== Task details ==
From the line containing "Em 1956, no" to the line containing "- Radio: AM/FM/SiriusXM/HD" in the entries below, reproduce every line exactly, ends included. Nothing else belongs in the copy, and no pictures.

== Data records ==

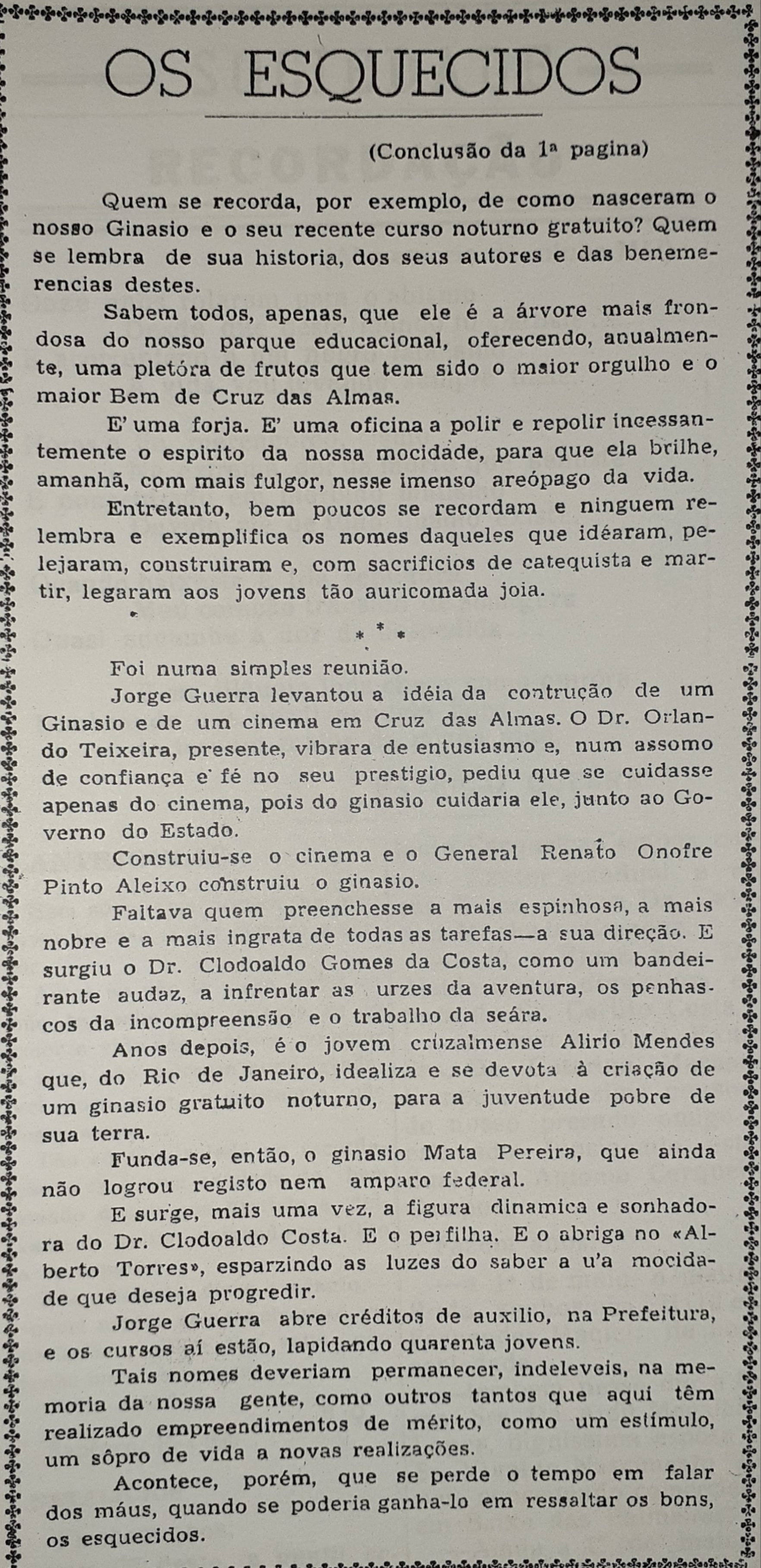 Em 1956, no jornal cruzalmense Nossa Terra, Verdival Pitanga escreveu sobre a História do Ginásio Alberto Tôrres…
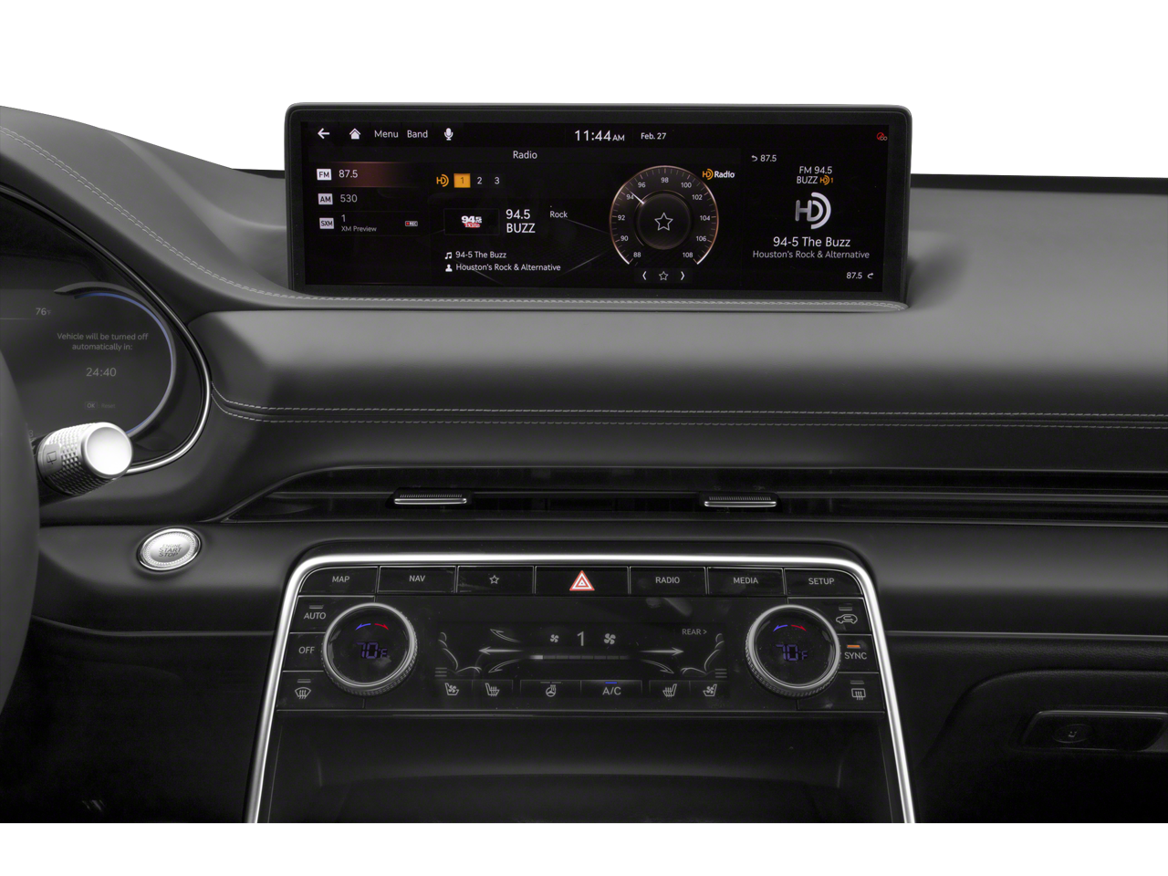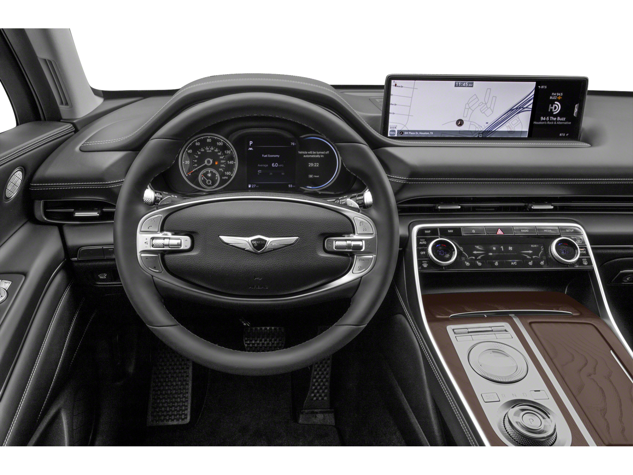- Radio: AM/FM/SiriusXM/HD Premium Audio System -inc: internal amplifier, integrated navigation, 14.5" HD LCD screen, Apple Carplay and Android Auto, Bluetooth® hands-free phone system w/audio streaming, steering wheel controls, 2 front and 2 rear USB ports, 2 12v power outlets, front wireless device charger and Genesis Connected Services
==
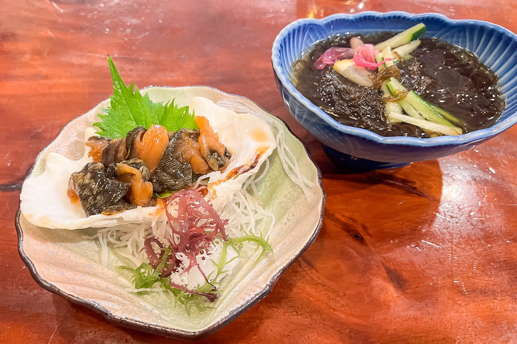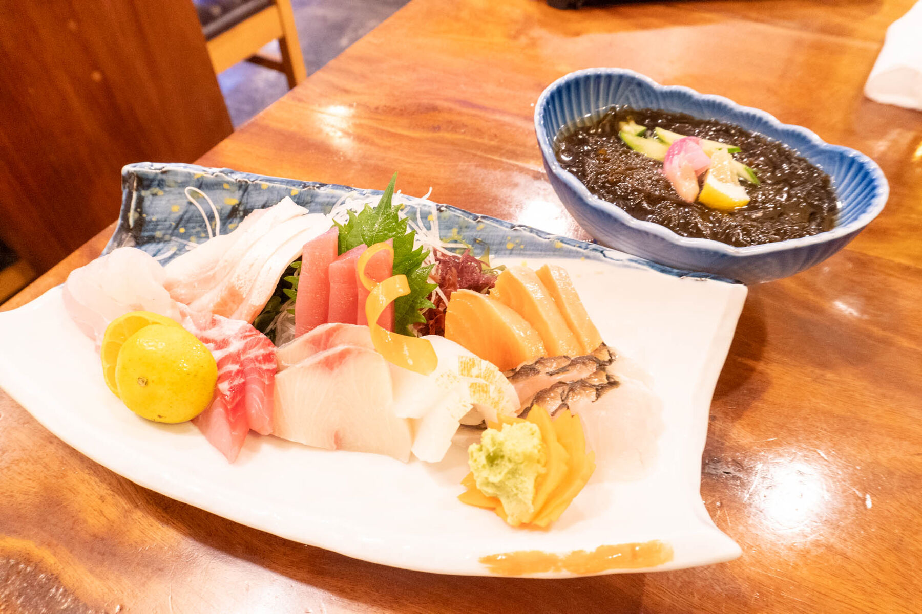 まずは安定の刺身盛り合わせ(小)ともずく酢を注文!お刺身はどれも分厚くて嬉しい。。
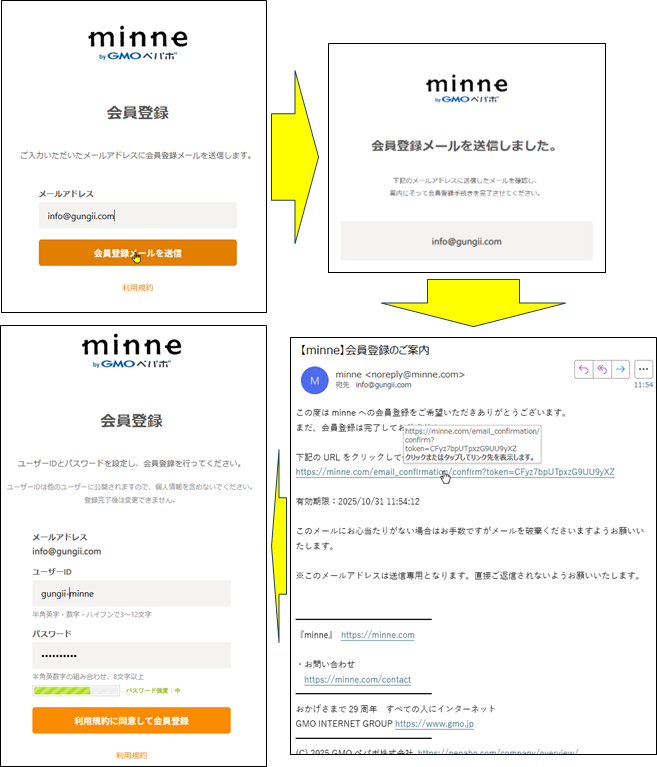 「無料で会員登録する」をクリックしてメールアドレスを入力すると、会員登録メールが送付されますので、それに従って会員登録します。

== Reply ==
 Em 1956, no jornal cruzalmense Nossa Terra, Verdival Pitanga escreveu sobre a História do Ginásio Alberto Tôrres…
- Radio: AM/FM/SiriusXM/HD Premium Audio System -inc: internal amplifier, integrated navigation, 14.5" HD LCD screen, Apple Carplay and Android Auto, Bluetooth® hands-free phone system w/audio streaming, steering wheel controls, 2 front and 2 rear USB ports, 2 12v power outlets, front wireless device charger and Genesis Connected Services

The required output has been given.